Wei Qiang, Jiang Xiu-li, Wang Jian-wei, Hong Tao
Institute for Viral Disease Control and Prevention, China CDC, Beijing 100052, China.
Zhonghua Shi Yan He Lin Chuang Bing Du Xue Za Zhi. 2004 Mar;18(1):12-5.
To express main neutralization antigen VP7 of human rotavirus serotype G2 and G3 by recombinant adenoviruses on the basis of previous investigation of the prevalence of rotavirus in China.
On the basis of successfully expression of human rotavirus protein G1VP7 by recombinant adenovirus vector, the authors constructed some potent recombinant adenovirus strains encoding rotavirus G2 VP7 and G3 VP7 genes which belong to the main rotavirus isolates 97S43 and 97S48.

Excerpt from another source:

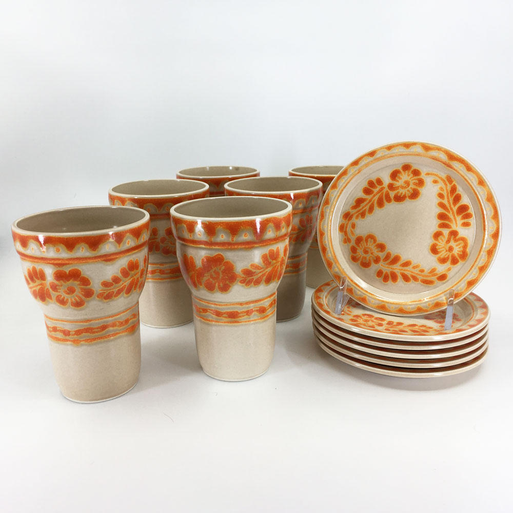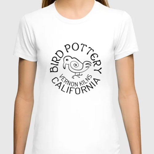 The artist and potter William “Harry” Bird designed for Vernon Kilns and Bauer in the mid- to late-1930s. Little is known about Bird – there are rumors that he rented space in Vernon’s plant; there is no indication that he was an employee of the company and may have produced his work under contract or self-distributed. All of Harry Bird’s designs were produced on Vernon’s “Montecito” shape (Early California and others). Bird may have been the first to leverage the in-glazing technique of decorating, also used by Pacific Pottery on their decorated ware starting around 1935.

Replication defective recombinant adenoviruses expressing human rotavirus serotype G2 and G3 VP7 genes, named as rvAdG2VP7 and rvAdG3VP7 were successfully constructed. VP7 genes integrated into the viral genome were identified by PCR and Southern blot assay, and specific transcription were detected by RT-PCR in the 293 cells infected with recombinant adenoviruses. Expression of rotavirus VP7 proteins was demonstrated by Western blot assay.
The established recombinant adenoviruses expressing G2 and G3 serotype VP7s laid a significant basis for further animal experiments in the development of multivalent rotavirus vaccines against rotavirus infection.

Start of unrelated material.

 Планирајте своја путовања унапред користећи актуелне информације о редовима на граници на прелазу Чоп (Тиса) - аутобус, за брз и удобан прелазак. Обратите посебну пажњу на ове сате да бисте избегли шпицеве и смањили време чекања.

基于此前对中国轮状病毒流行情况的调查,通过重组腺病毒表达人轮状病毒G2和G3型主要中和抗原VP7。
在重组腺病毒载体成功表达人轮状病毒蛋白G1VP7的基础上,构建了一些编码属于主要轮状病毒分离株97S43和97S48的轮状病毒G2 VP7和G3 VP7基因的高效重组腺病毒株。
成功构建了表达人轮状病毒G2和G3型VP7基因的复制缺陷型重组腺病毒,命名为rvAdG2VP7和rvAdG3VP7。通过PCR和Southern印迹分析鉴定了整合到病毒基因组中的VP7基因,并通过RT-PCR在感染重组腺病毒的293细胞中检测到特异性转录。通过Western印迹分析证实了轮状病毒VP7蛋白的表达。
所建立的表达G2和G3型VP7的重组腺病毒为进一步开展抗轮状病毒感染多价轮状病毒疫苗的动物实验奠定了重要基础。